Musical by Terrence McNally and David Yazbek

The Full Monty is a musical with book by Terrence McNally and score by David Yazbek.

In this Americanized musical stage version adapted from the 1997 British film of the same name, six unemployed Buffalo steelworkers, low on both cash and prospects, decide to present a strip act at a local club after seeing their wives' enthusiasm for a touring company of Chippendales. As they prepare for the show, working through their fears, self-consciousness, and anxieties, they overcome their inner demons and find strength in their camaraderie.

== Plot ==
While relocated to Buffalo, New York, the musical closely follows the film.

=== Act I ===
In depressed Buffalo, New York, the once-successful steel mills have grown brown with rust, rolling equipment has been removed, and the lines are silent. Best friends Jerry Lukowski and Dave Bukatinsky, along with the other unemployed mill workers, collect unemployment checks and ponder their lost lives ("Scrap"). Elsewhere, Dave's wife Georgie and her friends are celebrating their newfound independence and wealth as the sole earners of their families by attending a Chippendales performance ("It's a Woman's World").

While hiding in the bathroom of the strip club, Jerry and Dave hear how unhappy Georgie is over Dave's insecurities (in part because of his weight) and Pam, Jerry's ex-wife, laments the loss of her marriage and her plans to take court action against him for the child support payments that he's failed to make since losing his job. Compromising the situation further is Jerry's son, Nathan, who reluctantly spends time with him; he has grown tired of his father's seeming lack of motivation.

After talking to the stripper in the Chippendales act, Jerry and Dave are intrigued by the women's willingness to pay for a striptease act. Jerry is convinced that his ship has finally come in: he decides to organize a similar act of his own, with the intent to earn enough money to pay for his child support obligations ("Man").

The first to join the act is gauche and lonely Malcolm, a security guard at the steel mill where Dave and Jerry once worked. Malcolm tries to commit suicide by asphyxiating himself in his car through carbon monoxide poisoning. Dave pulls him out, and Jerry and Dave discuss various methods to commit suicide ("Big-Ass Rock"). Malcolm ultimately joins in and with the reassurance of his new-found friends behind him, he joins the fledgling lineup.
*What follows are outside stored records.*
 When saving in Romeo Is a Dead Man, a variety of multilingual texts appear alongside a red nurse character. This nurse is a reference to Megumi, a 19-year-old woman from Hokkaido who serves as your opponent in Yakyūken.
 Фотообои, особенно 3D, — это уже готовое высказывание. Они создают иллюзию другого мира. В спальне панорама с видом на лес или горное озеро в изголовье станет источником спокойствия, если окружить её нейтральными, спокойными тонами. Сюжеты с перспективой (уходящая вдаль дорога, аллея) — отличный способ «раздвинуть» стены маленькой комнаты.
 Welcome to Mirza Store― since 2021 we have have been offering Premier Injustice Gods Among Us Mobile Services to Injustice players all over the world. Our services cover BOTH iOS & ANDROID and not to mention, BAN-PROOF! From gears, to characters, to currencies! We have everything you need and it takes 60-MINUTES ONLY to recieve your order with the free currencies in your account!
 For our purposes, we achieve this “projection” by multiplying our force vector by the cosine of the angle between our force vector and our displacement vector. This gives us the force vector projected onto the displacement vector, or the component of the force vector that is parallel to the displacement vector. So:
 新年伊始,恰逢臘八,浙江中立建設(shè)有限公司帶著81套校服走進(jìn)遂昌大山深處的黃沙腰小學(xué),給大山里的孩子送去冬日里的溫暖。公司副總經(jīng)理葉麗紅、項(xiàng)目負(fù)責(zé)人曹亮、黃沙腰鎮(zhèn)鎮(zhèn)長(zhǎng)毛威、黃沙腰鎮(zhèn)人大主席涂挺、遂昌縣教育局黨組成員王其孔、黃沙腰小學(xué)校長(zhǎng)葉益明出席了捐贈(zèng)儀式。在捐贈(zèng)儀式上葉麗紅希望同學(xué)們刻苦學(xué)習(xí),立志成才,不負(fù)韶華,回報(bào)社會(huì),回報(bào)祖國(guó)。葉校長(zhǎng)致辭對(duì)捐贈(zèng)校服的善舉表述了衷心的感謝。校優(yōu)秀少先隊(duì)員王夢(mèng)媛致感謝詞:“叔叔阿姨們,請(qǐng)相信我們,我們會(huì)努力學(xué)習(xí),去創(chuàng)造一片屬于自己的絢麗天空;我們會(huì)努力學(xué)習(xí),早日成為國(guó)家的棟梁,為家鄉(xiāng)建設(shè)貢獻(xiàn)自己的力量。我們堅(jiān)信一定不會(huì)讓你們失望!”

His rescue and inclusion in the group gives him a newly optimistic and confident outlook on life. He also starts to grow more independent from his domineering, invalid mother, Molly.
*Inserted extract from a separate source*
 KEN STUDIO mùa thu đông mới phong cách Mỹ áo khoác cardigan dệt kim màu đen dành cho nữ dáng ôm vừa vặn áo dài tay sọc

Next on Dave and Jerry's list is their former foreman, the middle-class aspirant Harold Nichols, who is taking a ballroom dance class with his immaculately groomed wife, Vicki. While Harold explains that he has concealed his unemployment from his materialistic wife, Vicki blithely sings about their marriage ("Life with Harold"). Dave and Jerry tell him of their scheme; with literally no options left, Harold agrees to be the act's choreographer.

In a sequence of scenes, former co-workers perform strip-tease auditions. One of the auditionees is invited to sit down after he flunks; he declines, saying that his children are outside waiting 'in the car' and that 'this is no place for kids' before glancing over at Nathan before leaving. Other auditioners are, hired: Noah 'Horse' Simmons, for his comprehensive dance knowledge (while overlooking evidence of advanced arthritis), and Ethan Girard, who longs to dance like Donald O'Connor in Singin' in the Rain and has a jaw-dropping, euphemism-inducing penis ("Big Black Man"). They are also joined by Jeanette Burmeister, a tough, seen-it-all showbiz musician who "shows up, piano and all" to accompany the boys' rehearsals.

Elsewhere, Dave contemplates his weight and Harold contemplates Vicki's spending habits ("You Rule My World"). At the first rehearsal, Harold feels the men are hopeless, but Jerry fires them up, encouraging them to think of it not as dance, but as sports moves ("Michael Jordan's Ball").

=== Act II ===
As the men practice, doubts continue to creep in about whether this is the best way to make some money, due to their individual insecurities over their appearances. Jeanette is particularly straightforward ("Jeanette's Showbiz Number").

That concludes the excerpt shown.